Often described as the second-hardest job in the world after the president, the mayor of the nation's largest city and its financial and media capital is one of the highest-profile jobs in American politics. Donald Trump advisor Rudy Giuliani and former presidential candidate and media magnate Michael Bloomberg are just two of the most recent examples to serve.

But the city has been hit especially hard by the coronavirus pandemic, laying waste to its once thriving tourist, entertainment and business sectors, and the next mayor will face a slew of daunting challenges.

Yang put economic recovery front and center in his speech. He said he wants to make the city's economy function for working people and small business owners, many of whom have lost their livelihoods during the pandemic. Yang said he will launch a basic income program in the Big Apple to combat poverty and homelessness in the city.

Yang mentioned reforming the New York Police Department, fixing the subway system, public education, broadband access, and most importantly, fighting COVID-19, as the pillars of his campaign. 

He also said he wants to bring "TikTok Hype Houses" to New York, referring to spaces where young artists could collaborate.

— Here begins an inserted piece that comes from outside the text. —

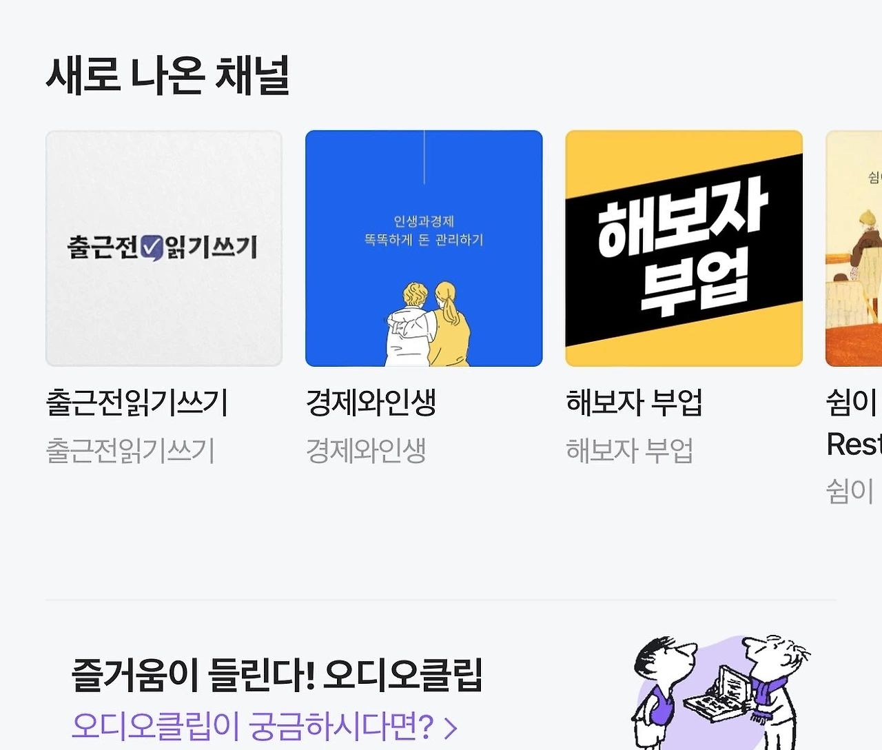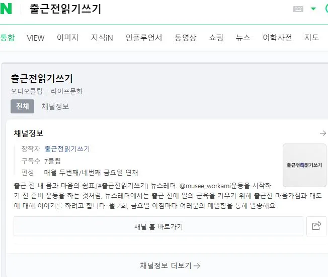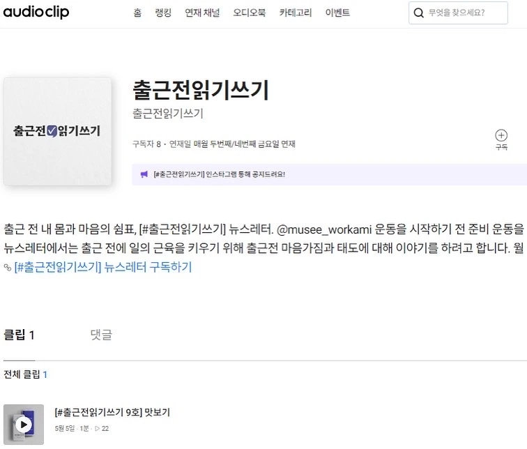 이제 네이버 포털에서 ‘출근전읽기쓰기’ 를 검색하면 바로 찾을 수 있어요. 네이버 #오디오클립 에 등록되었기 때문인데요.지난 뉴스레터 통해 인사드리며, 오디오콘텐츠도 준비하겠다고 말씀드렸는데오. 한달 만에 승인!!되었습니다. 9호 뉴스레터를 들을 수 있는 맛보기 오디오도 있어요.

The tech entrepreneur became known in the political world when he ran for the president last year. Yang garnered a notable size of supporters, especially tech-savvy young people, dubbed the "Yang Gang." Supporters were drawn to his promise of a $1,000-per-month universal basic income program for every American and forward-thinking policies, such as charging tech companies for the personal data they collect from users.

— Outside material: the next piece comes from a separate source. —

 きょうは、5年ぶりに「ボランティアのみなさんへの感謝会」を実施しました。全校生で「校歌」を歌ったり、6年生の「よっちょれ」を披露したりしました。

Born into an immigrant family from Taiwan, Yang said living in New York was a realization of his parents' American dream. Yang also mentioned that his wife, Evelyn Yang, grew up in Flushing, Queens, where many small business owners are struggling during the pandemic.

Having been criticized for not being very involved in New York's political scene, Yang recalled during his speech that he moved to the city in 1996, when he felt like he was "joining the center of the world" and that New York is a "symbol" of what America is to many people.

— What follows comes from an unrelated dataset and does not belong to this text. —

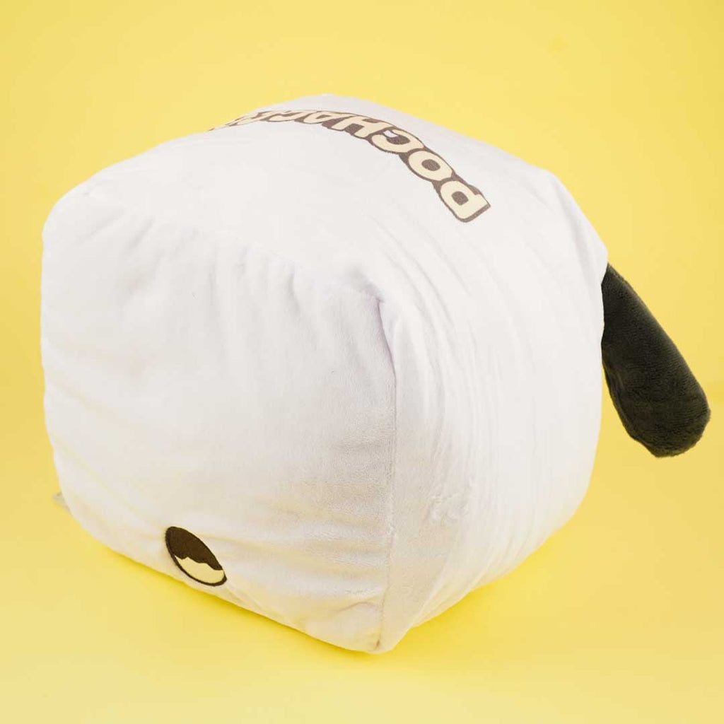 Decorate your bedroom with this cube-shaped Pochacco cushion! Pochacco's face and tail have cute embroidery details. It also has a print that says "Pochacco" on its top side.

"We're still that city, New York!" Yang said to his supporters attending the rally, vowing swift recovery.

Many have filed paperwork to enter the New York mayoral race. Yang has not held any elected office, but he outperformed current New York Mayor Bill de Blasio during the Democratic primaries in last year's presidential race. De Blasio will reach his term limit as mayor this year, forcing him to leave office.

Yang's campaign for mayor came a week after Democrats won the two Senate seats in Georgia. Yang had moved to Georgia after Joe Biden won the presidential election to mobilize voters in the Southern state for the blue party. 

Although he has won some affection from the Democrats with his upbeat persona and forward-thinking, on top of his involvement in the Georgia Senate race, it remains unclear if he could win the support of the party leaders. It has often been reported that the Asian American vote made a difference for Biden in flipping Georgia, and it could have played a roll in Senate runoff. Yang has been mobilizing voters, especially Asian American communities, to vote for Democrats. 

When House Speaker Nancy Pelosi mentioned the runoff during her speech after the Capitol riots last week, she thanked many Democrats who contributed to the victory in Georgia, but did not mention Yang, who stumped for Rafael Warnock and Jon Ossoff, the eventual winners who gave Democrats control of the Senate.

So far, U.S. Rep. Ritchie Torres, a Democrat from New York, has endorsed Yang for mayor and will serve as the campaign co-chair.

Yang's campaign did not immediately respond to a request for comment.